Shane Walsh

Personal information
- Irish name: Shane Breathnach
- Sport: Hurling
- Position: Full Forward
- Born: 1983 (age 41–42) Waterford, Ireland
- Height: 1.8 m (5 ft 11 in)

Club(s)
- Years: Club
- The Nire–Fourmilewater

Inter-county(ies)
- Years: County / Apps (scores)
- 2007–2014: Waterford / 14 (8-17)

Inter-county titles
- Munster titles: 2
- All-Irelands: 0
- NHL: 1
- All Stars: 0

= Shane Walsh (Waterford hurler) =

Irish hurler and Gaelic footballer

Shane Walsh (born 1983) is an Irish sportsperson. He plays hurling with his local club Fourmilewater and Gaelic football with The Nire–Fourmilewater. He played at inter-county level with Waterford.
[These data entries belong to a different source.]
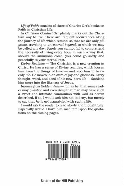 Life of Faith consists of three of Charles Orr's books on Faith in Christian Life. In Christian Conduct Orr plainly marks out the Christian way to live. There are frequent occurrences along the journey of life which remind us that we are only pilgrims, traveling to an eternal beyond, to which we may be called any day. Surely you cannot fail to comprehend the necessity of living every hour in such a way that, should the summons come, you could go softly and peacefully to your eternal rest. Divine Realities - The Christian is a new creation in Christ. He has a sense of Divine realities, which loosen him from the things of time - and woo him to heavenly life. He moves in an aura of joy and gladness. Every thought, word, and deed of his new-born life - fashions him more into the likeness of Jesus. Incense from Golden Vials - It may be, that some reader may question and even deny that man may have such a sweet and intimate communion with God as herein described. If so, I would ask him not to deny, but merely to say that he is not acquainted with such a life. I would ask the reader to read slowly and thoughtfully. Especially would I have him meditate upon the quotations on the closing pages.
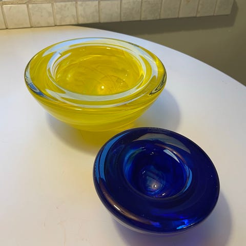 Näyttävä Contrast-kulho 350 mm. on Anna Ehrnerin suunnittelema ja valmistettu Kosta Bodalla lasista. Väri on kauniin syvän sininen. Klassikko, joka sopii erinomaisesti sekä tarjoiluun että koristeluun.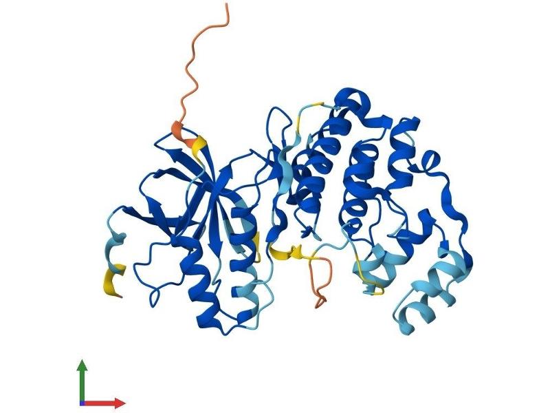Activation of members of the mitogen-activated protein kinase family is a major mechanism for transduction of extracellular signals. Stress-activated protein kinases are one subclass of MAP kinases. The protein encoded by this gene functions as a signal transducer during differentiation of myoblasts to myotubes. [provided by RefSeq, Jul 2008].
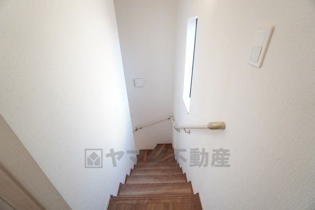 お子様も高齢の方も安心して上り下りができる手摺がついた安心設計です。 階段には小窓を配置しました。日中でも暗くなりがちな階段下が明るくなり安全ですね。
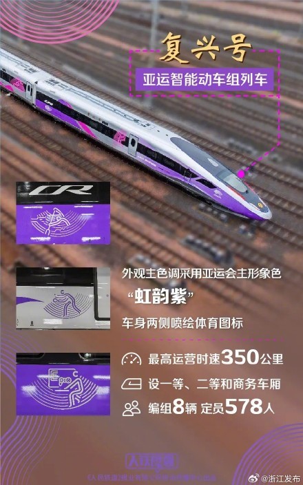 杭州第19屆亞運會復興號亞運智能動車組列車是專為杭州亞運會打造的,車頭似“鷹隼”,身披“虹韻紫”,8輛編組,定員578人,設計時速350公里。按照亞運服務保障計劃,復興號亞運智能動車組列車9月16日起,在杭州東至衢州以及杭州東至平陽兩個區段運行。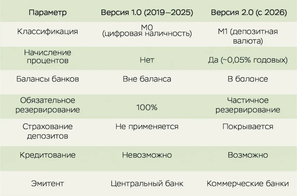 1 января 2026 г. Китай официально запустил новую версию цифрового юаня (e-CNY), ознаменовав фундаментальный переход от модели цифровых наличных (версия 1.0) к модели цифровой депозитной валюты (версия 2.0). Народный банк Китая (НБК) авторизовал десять крупных коммерческих учреждений, включая WeBank (Tencent) и MYbank (Alibaba), начислять проценты на балансы цифровых юаней по годовой ставке примерно 0,05%. Это решение делает Китай первой крупной мировой экономикой, позиционирующей свою ЦВЦБ как средство сбережения. Данная трансформация имеет глубокие последствия для глобальной финансовой системы, международной конкуренции цифровых валют и будущего денег.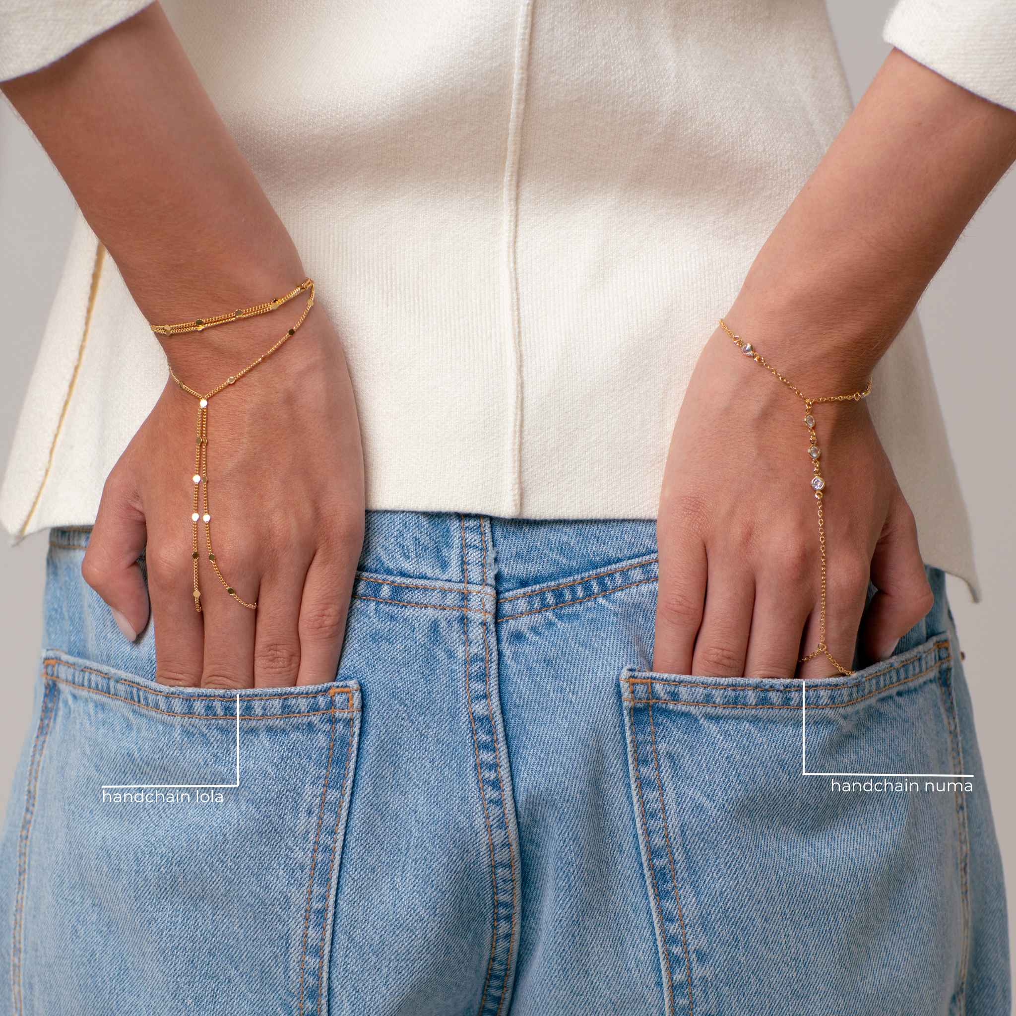 A Handchain Numa é uma mistura de pulseira com anel de corrente. Ela é feita com uma corrente fina e delicada, com 3 pontos de luz de zircônia na corrente que liga a pulseira ao anel e 2 pontos de luz na base da pulseira. Possui extensor de tamanho.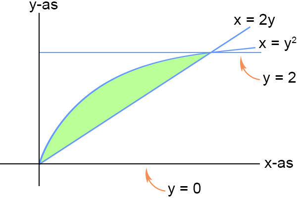 Voor de buitenste integraal geldt het volgende. Het integratiegebied kent als uiterste grenzen y = 0 (ondergrens) en y = 2 (bovengrens), dit zijn twee horizontale rechte lijnen waartussen het integratiegebied ligt ingeklemd in verticale richting. Wanneer we de integratievolgorde omkeren dan moeten we de uiterste grenzen weten uitgedrukt in x. Door y = 0 (ondergrens) in te vullen in x = y2 en x = 2y volgt in beide gevallen dat x = 0 en dit wordt de nieuwe linkergrens. Door y = 2 (bovengrens) in te vullen in x = y2 en x = 2y volgt in beide gevallen dat x = 4 en dit wordt de nieuwe rechtergrens. Deze twee lijnen begrenzen het integratiegebied in horizontale richting.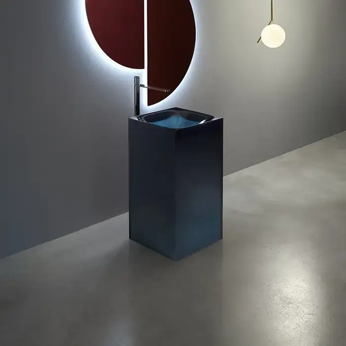 Antonio Lupi Aura Раковина 45х45х85 см, без отв., напольная, слив в пол, с дон. клапан, сифоном и трубой слива, Cristalmood, цвет: Ceruleo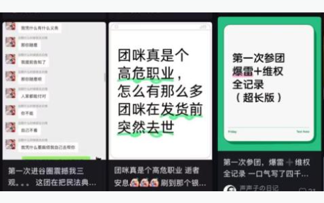 记者在调查中发现,“谷圈”内部发生过多起大型的代购跑路事件。其中,一个名为“谷子小卖部”的群主,收取了600多人的货款20多万元,却一年都没有发货。面对代购卷款跑路,受害者们只能曝光账号发避雷帖、封禁代购的支付账号,但很难真正追回损失。这些拼团“买谷”的链接,大多源自“拼团呀”微信小程序。几乎所有的拼团链接都在这里生成,所谓的团长则通过社交媒体“宣团”引流,将散落的爱好者们,聚进一个个微信或QQ群,完成下单。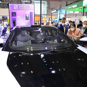 11月5日,參觀(guān)者在第五屆進(jìn)博會(huì )技術(shù)裝備展區的電動(dòng)車(chē)前交流。
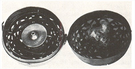 Håndvarmer åben. Man ser lampen i det kardanske ophæng.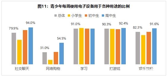 2.电子产品高度渗透青少年的学习与休闲。调查结果显示,青少年总体每周将电子设备用于学习、游戏的比例达90%以上。高中组青少年则在社交聊天、学习、游戏、娱乐放松方面的使用人群占比均超90%,在网络购物方面的使用率也显著高于总体23.5个百分点。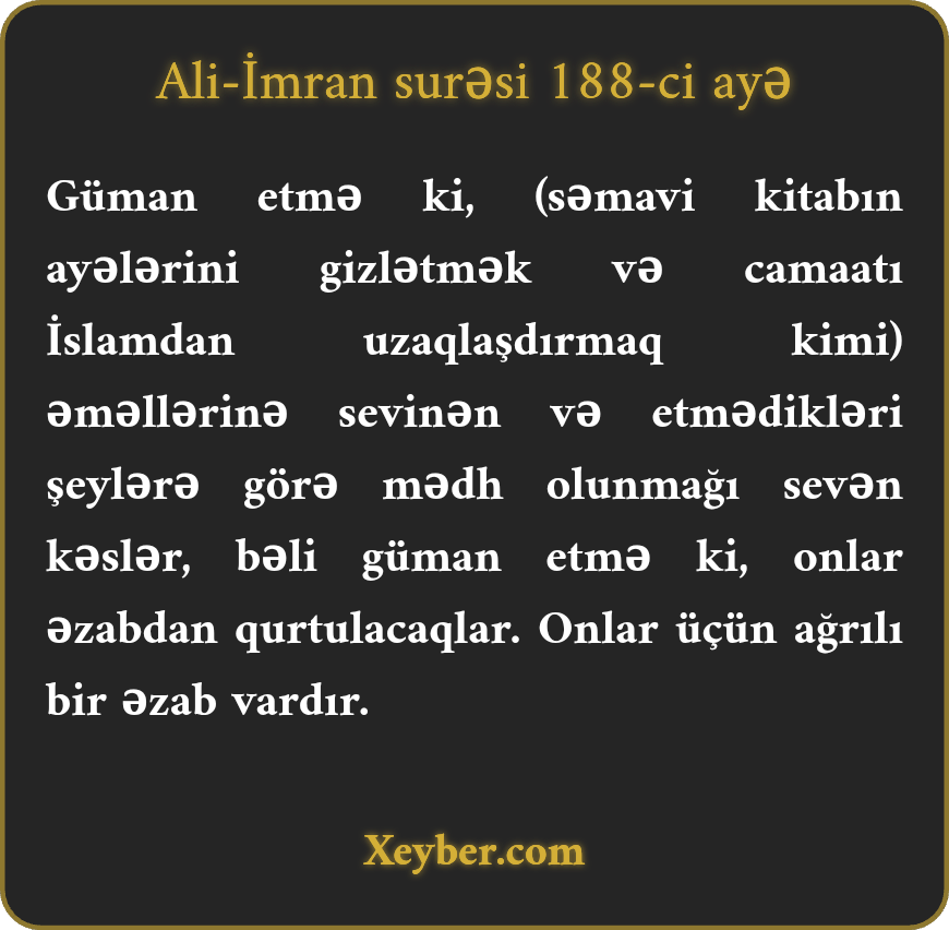 "Güman etmə ki, etdikləri işlərdən şad olanlar, etmədiyi işlərə görə təriflənmək istəyənlər ilahi əzabdan qurtulmuşlar. Onlar üçün dərdli əzab var.”

Walsh scored the winning goal for Waterford in the 2003 Munster under-21 football final, against a Kerry team that included Colm Cooper and Kieran Donaghy.
Walsh won the Waterford Senior Football Championship but lost the Munster Senior Club Football Championship final with The Nire–Fourmilewater in 2006.
In October 2014, Walsh retired from inter-county hurling.